=== EXERCISE INPUT ===
#####

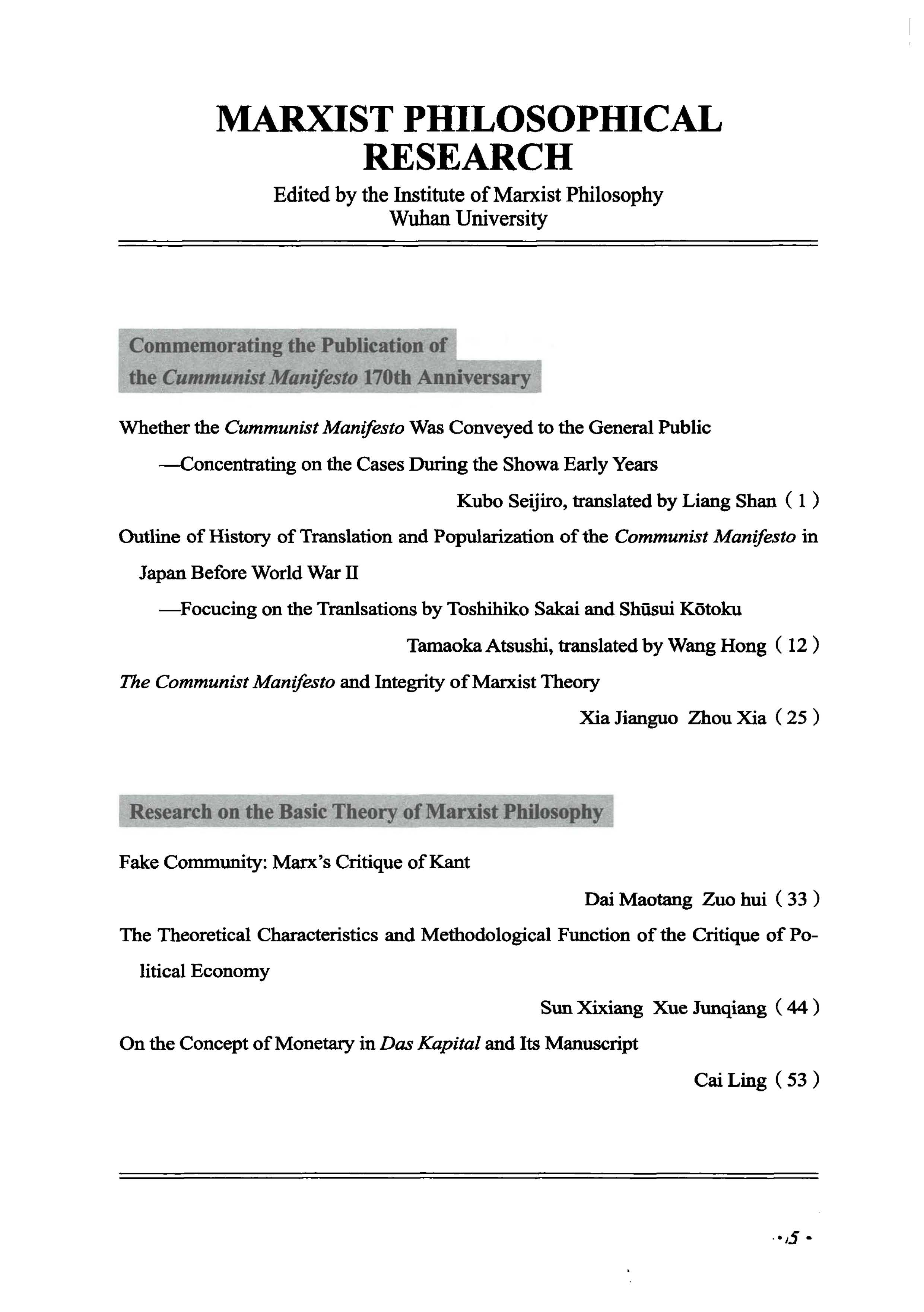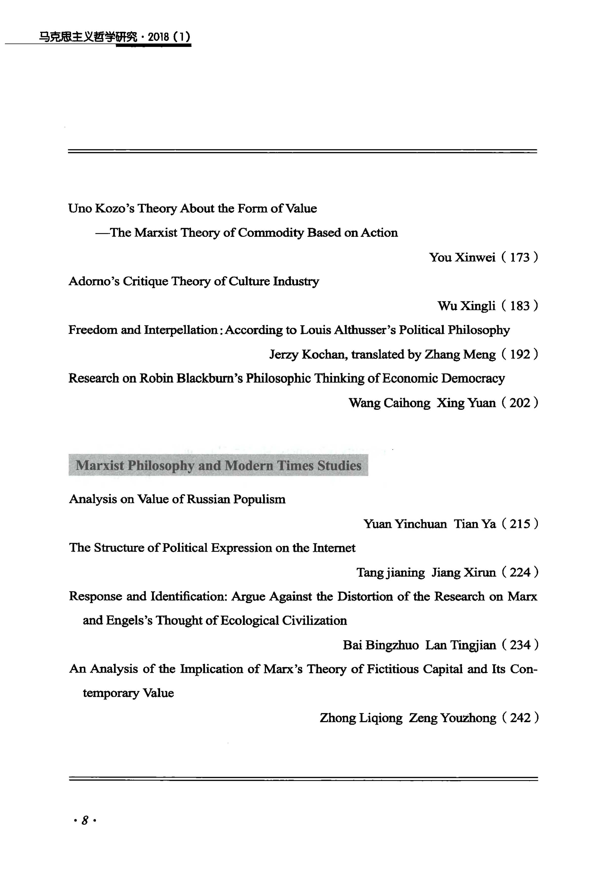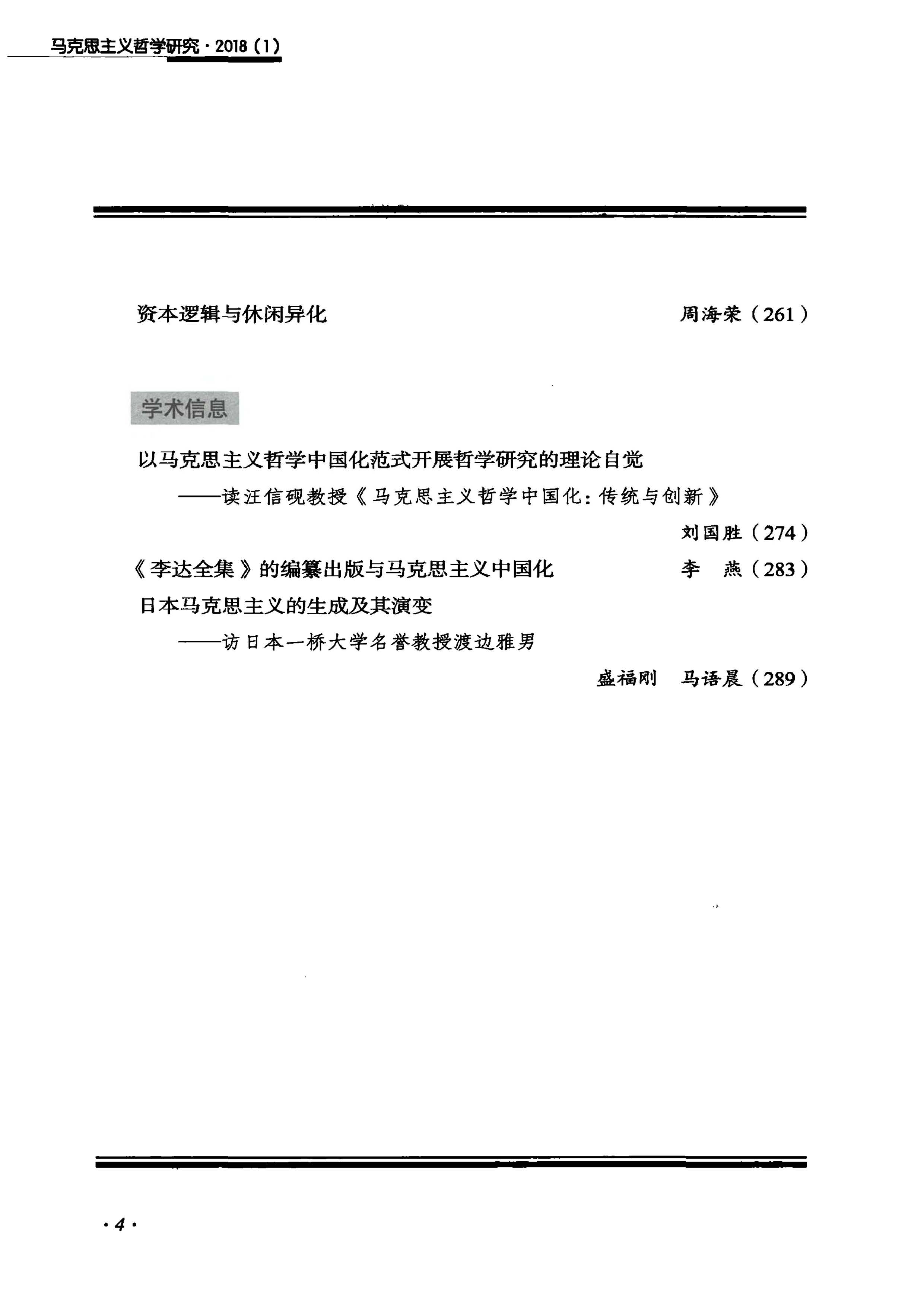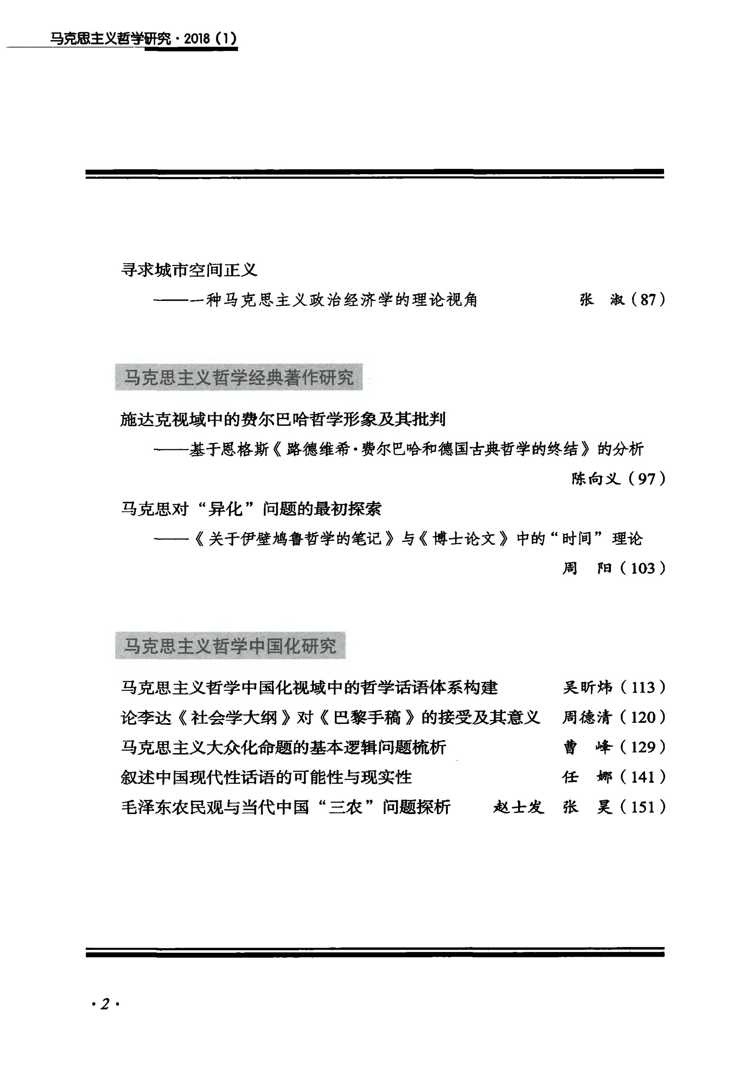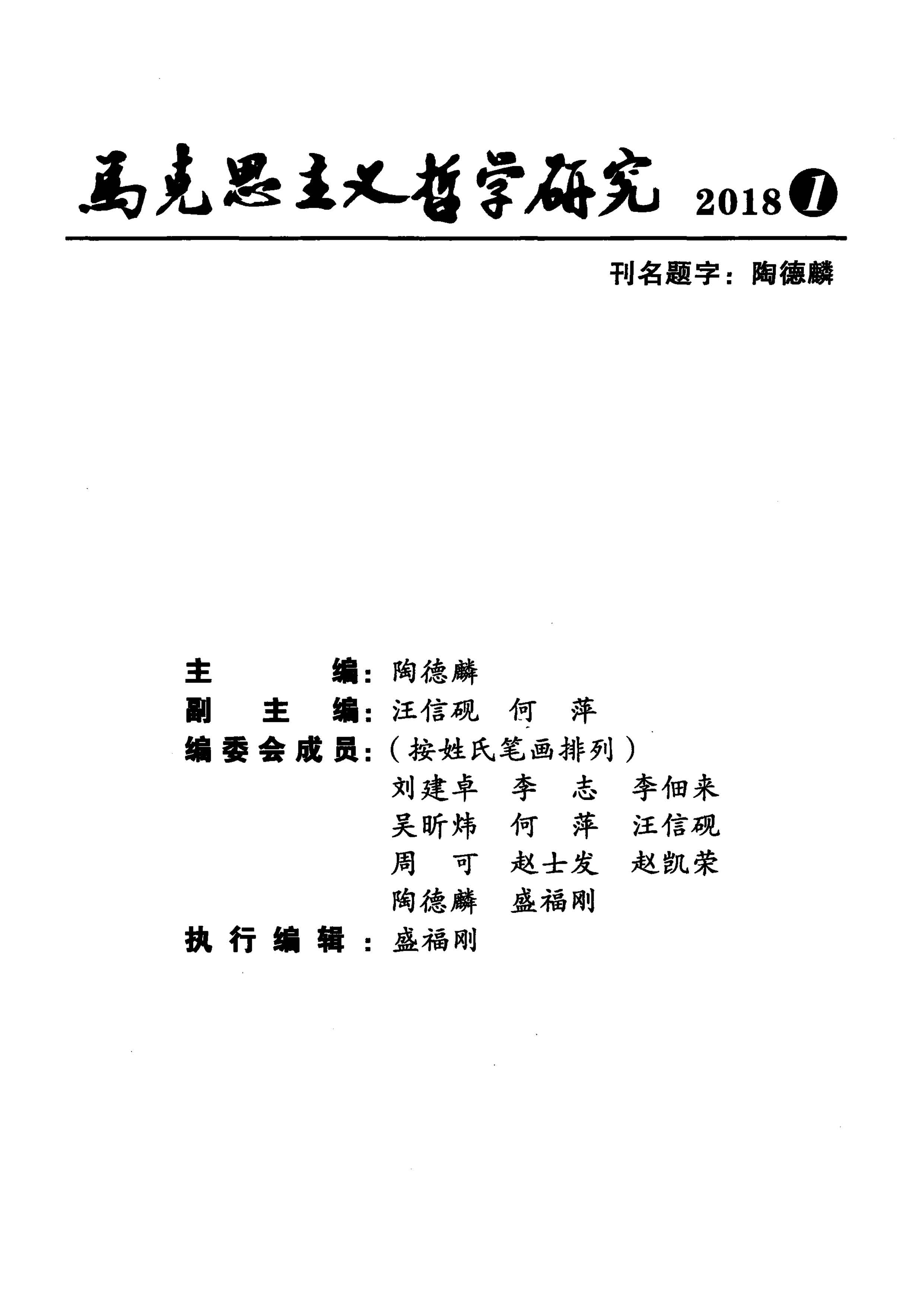 《马克思主义哲学研究》(2018年第1期)
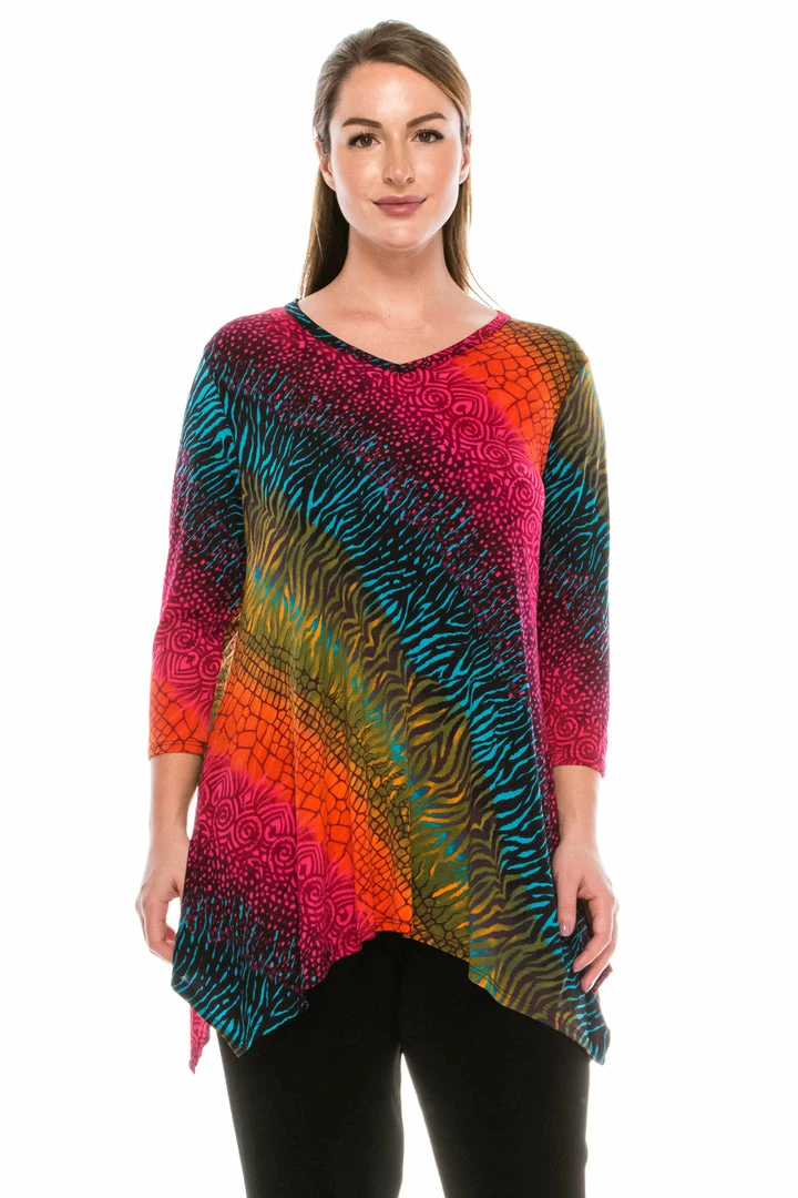 Jostar Women’s Stretchy V-Neck Binding Top 3/4 Sleeve Print-313BN-QRP1-W182
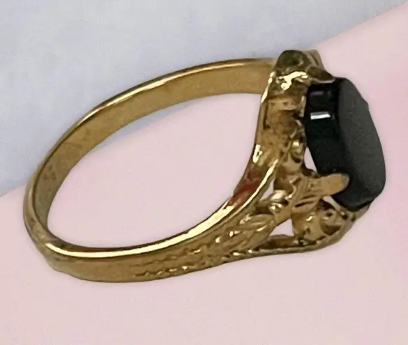 In excellent vintage condition. Gold tone with a black oval stone. Stamped seta on the inside. Size 5 "When Don and Angie Seta founded the Seta Corporation more than 40 years ago, their mission was simple...To always treat each and every customer like a member of the family. From the beginning, our goals have been to provide our customers with the finest selection of exquisite jewelry, watches and accessories that reflect elegant styling, exceptional value, and the highest standards of quality.
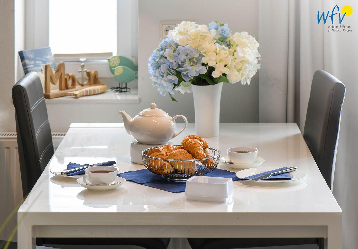 Im Urlaub wird auch das Kochen zum Genuss! In der offenen modernen Küche lassen sich bequem leckere Gerichte oder Snacks für zwischendurch zaubern. Während auf dem Ceranherd der knusprige Nordseefisch brutzelt, bräunen im Backofen die Rosmarinkartoffeln. Den Abwasch erledigt die Spülmaschine. So können Sie rundum eine Selbstversorgung mit frischen lokalen Produkten aus der Umgebung genießen.
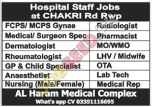 AL Haram Medical Complex is recruiting talented individuals for an array of roles, including Gynae, Radiologist, Medical/Surgeon Spec, Pharmacist, Dermatologist, MO/WMO, Rheumatologist, LHV/Midwife, GP & Child Specialist, OTA, Anaesthetist, Lab Tech, Nursing (Male/Female), and Medical Rep. These positions are available at their Chakri Rd facility in Rawalpindi. This is an invitation to join the private sector and develop your career.
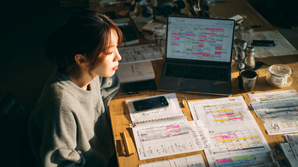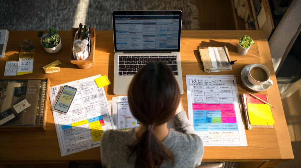 在宅でのSNS運用では、時間管理が収入に直結します。まず、各クライアントの投稿スケジュールを統合したマスタースケジュールを作成し、効率的な作業順序を計画します。板橋区内のカフェやコワーキングスペースを活用することで、自宅とは異なる環境での集中力向上も期待できます。具体的な時間管理手法として、ポモドーロ・テクニック(25分集中+5分休憩)や、タイムブロッキング(時間帯別の業務割り当て)が効果的です。また、同じ種類の作業をまとめて処理するバッチ処理により、作業効率を大幅に改善できます。例えば、月曜日は全クライアントの企画作成、火曜日は画像制作、水曜日は投稿作業といった具合に曜日別に作業を分けることで、集中力を維持しながら高い生産性を実現できます。重要なのは、自分に最適な作業パターンを見つけ出し、それを継続することです。
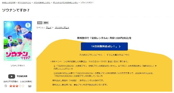 TSUTAYA DISCASは、準新作は8枚まで、話題作・旧作は枚数制限なしでお試し期間中に無料レンタルができ「ソウナンですか?」のアニメは、旧作なので無料視聴可能です。

#####

=== TASK TO CARRY OUT ===
Restate, line by line and word for word, everything from the top of the material through the line that contains "Jostar Women’s Stretchy". Leave pictures out.

=== RESULT OF THE TASK ===
 《马克思主义哲学研究》(2018年第1期)
 Jostar Women’s Stretchy V-Neck Binding Top 3/4 Sleeve Print-313BN-QRP1-W182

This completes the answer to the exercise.